- Born: Frederick Philip Mannix February 24, 1942 (age 84)
- Occupation: Businessman
- Title: Chairman, Mancal Corporation
- Spouse: Li-Anne Smith
- Children: 5, including Fred Mannix Jr.

= Fred Mannix =

Canadian billionaire businessman

Frederick Philip Mannix (born February 24, 1942) is a Canadian billionaire businessman, and the chairman of the privately held Mancal Group, which is active in real estate, ranching, coal, oil and gas.

==Early life==
Fred Mannix was born on February 24, 1942. He is the eldest son of Frederick Charles Mannix and Margaret Mannix, and the grandson of Frederick Stephen Mannix.

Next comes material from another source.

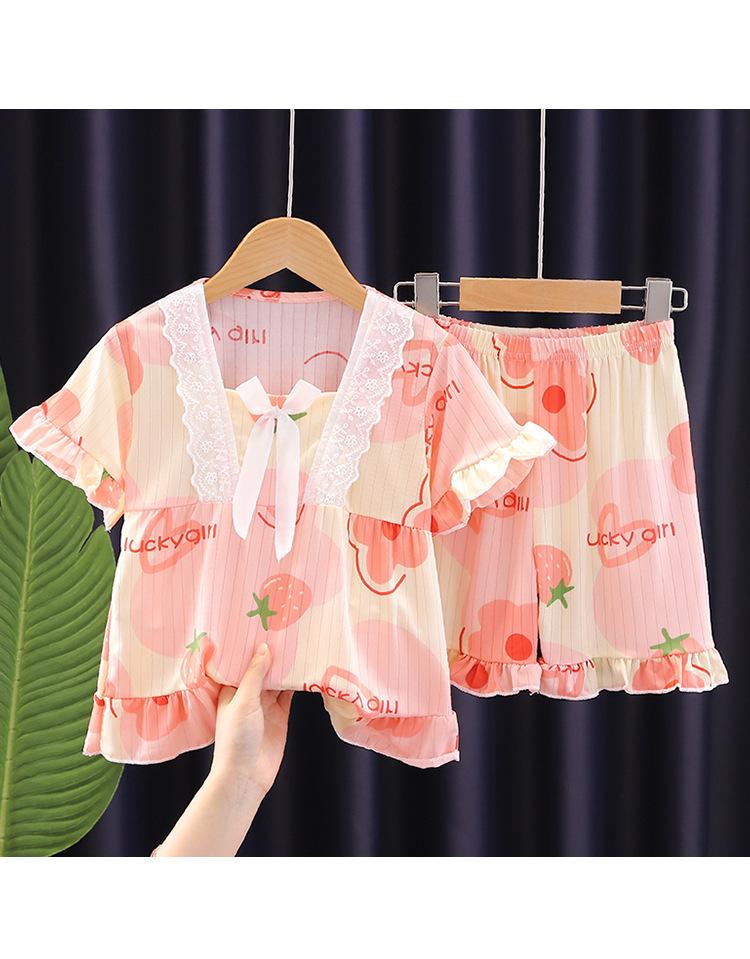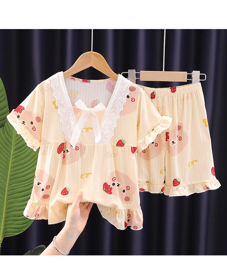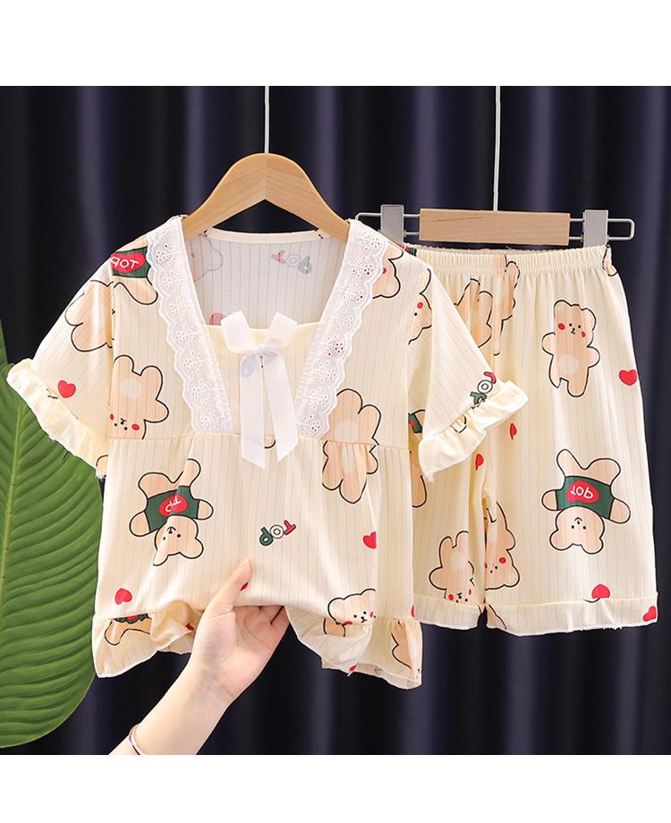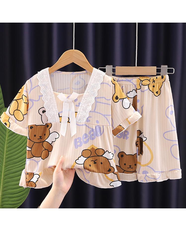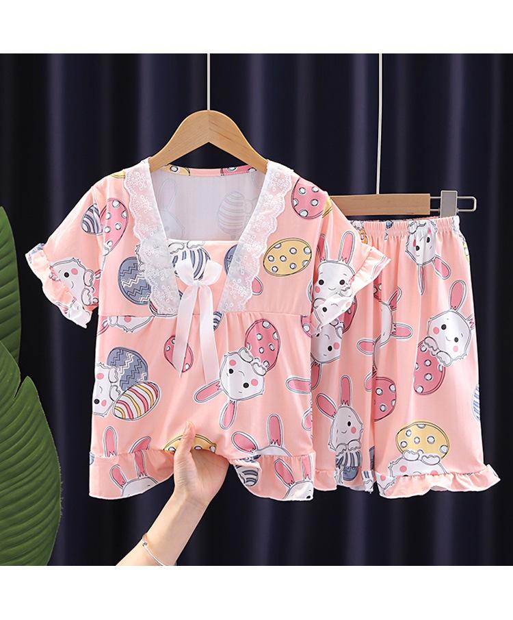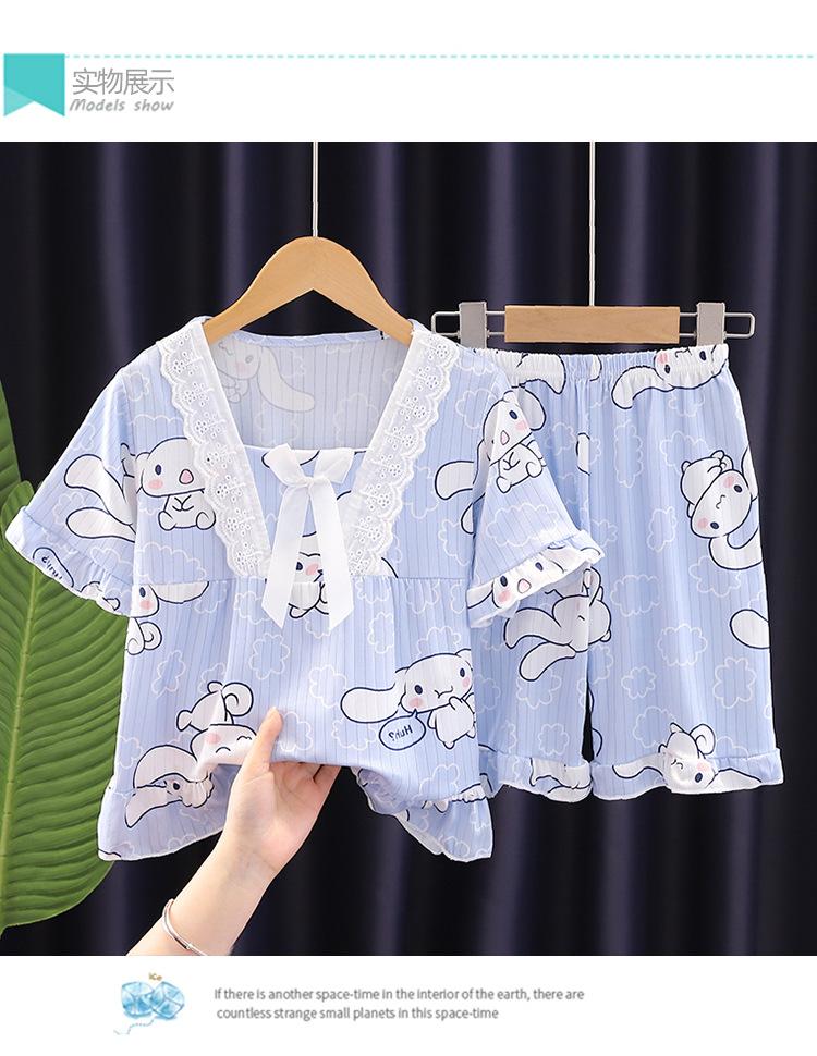 Pijamas para niños, estilo princesa de verano, dibujos animados, manga corta, finos, para niñas pequeñas, bebés, medianos y grandes, para niños, aire acondicionado, ropa de casa, traje

He has a brother, Ron, and a sister, Maureen. In 1966, he earned a bachelor's degree from the University of Alberta.

==Career==
In 2018, Canadian Business estimated the joint net worth of Fred and Ron Mannix at billion.

==Honours==
In 2005, Mannix was made an Officer of the Order of Canada. In 2014, he was made a Member of the Alberta Order of Excellence.

==Personal life==
In 1982, he married Li-Anne Smith, and they have five children, including Fred Mannix Jr., a leading polo player.